Richard, Just when you thought you had enough mail from me already it seems I missed one... On Thu, Apr 16, 2009 at 6:05 PM, Richard Davies < richard.davies@elastichosts.com> wrote:
Sam Johnston wrote:
Here's a first pass at flattening the Atom into INI file format (basically what you had but with "=" for human & computer readability):
Great stuff - I think this is a big step forward to be able to express everything as a simple list of objects, each specified by simple key-value pairs. Hopefully we can also similarly add a JSON version using the same simple data structures, e.g.:
{"category":"server", "title":"Debian...", "mc.state":"running", ... }
JSON/YAML's on my todo list for this morning.

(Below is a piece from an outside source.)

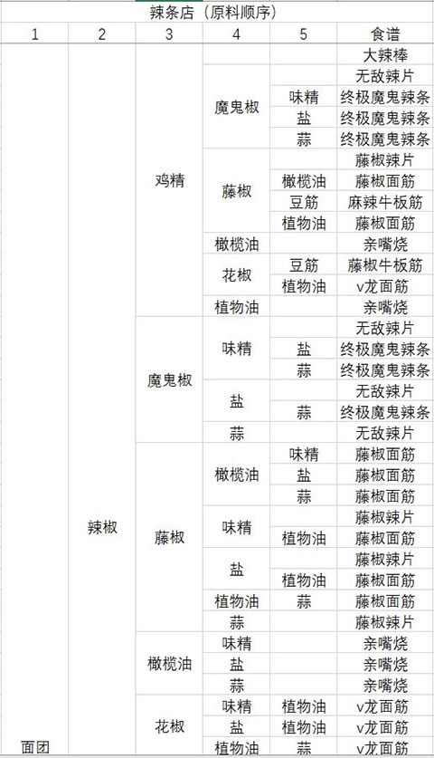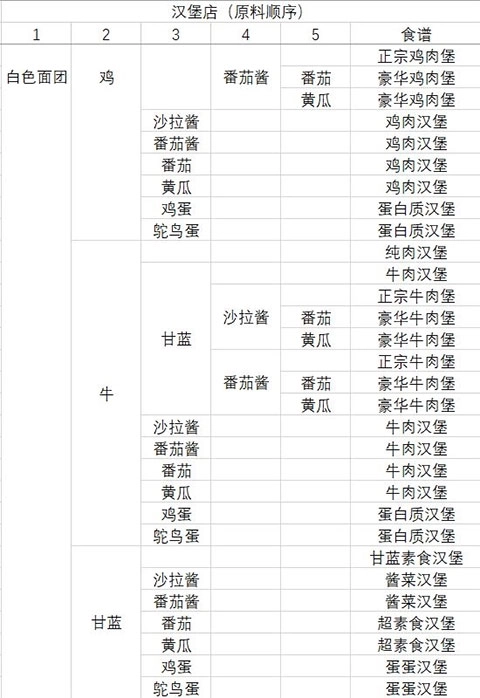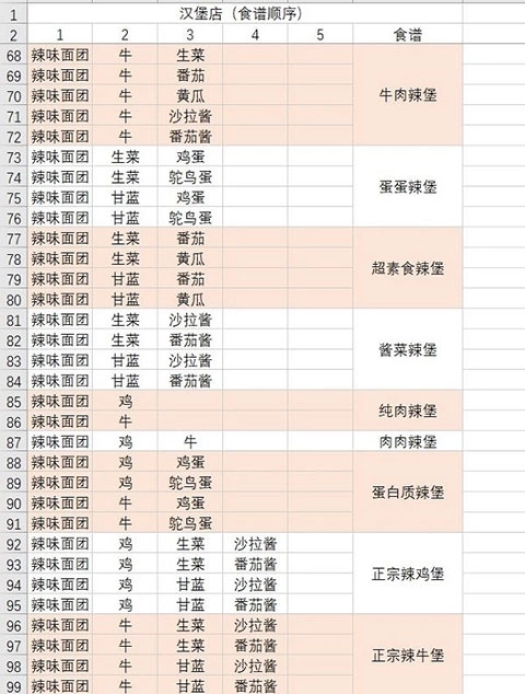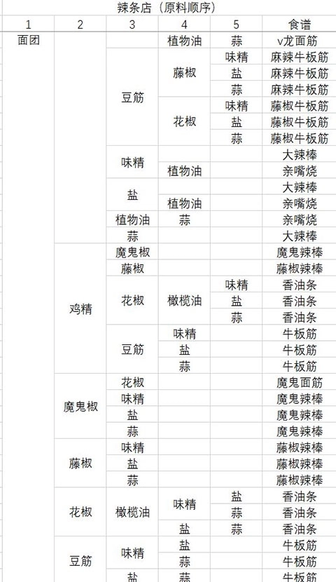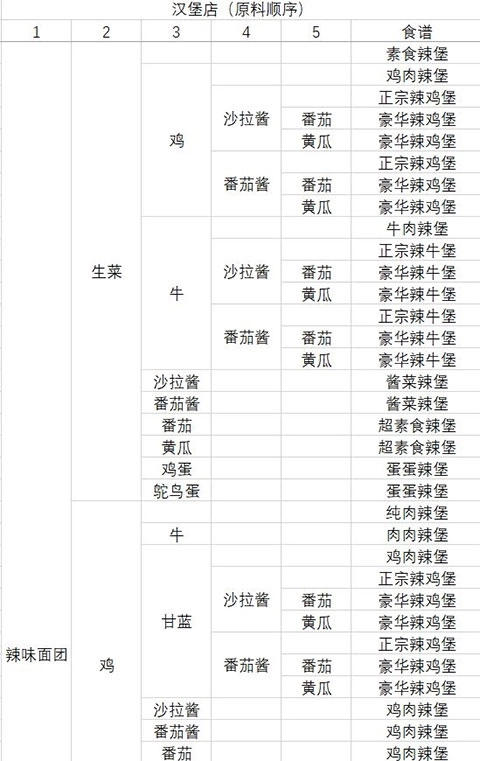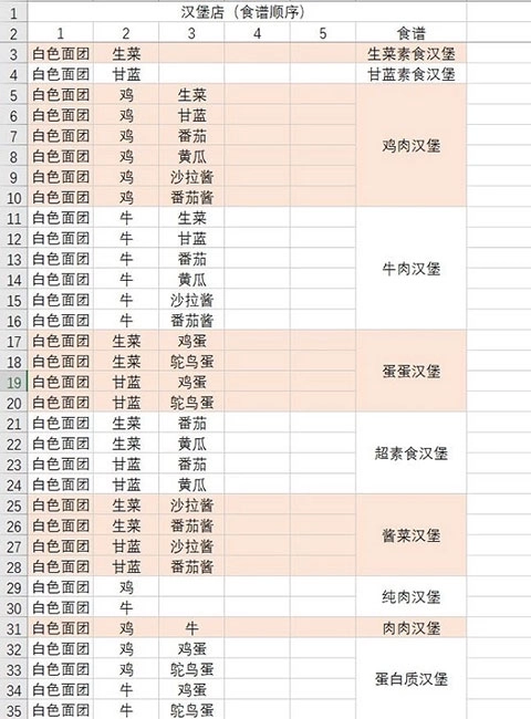 根据(可能存在的)不同需求,可将食谱划分为两类:一类是依照食谱本身的顺序,另一类则是遵循原料获取的顺序。

I've got two specific comments on the example you give:
1) I'm not sure INI format is actually the best text format for key-value. I'd prefer something easier to parse from Unix shell, which is where I imagine most simple scripts will be written. ElasticHosts went with
"key" (without spaces), <space>, "value" (any characters including spaces)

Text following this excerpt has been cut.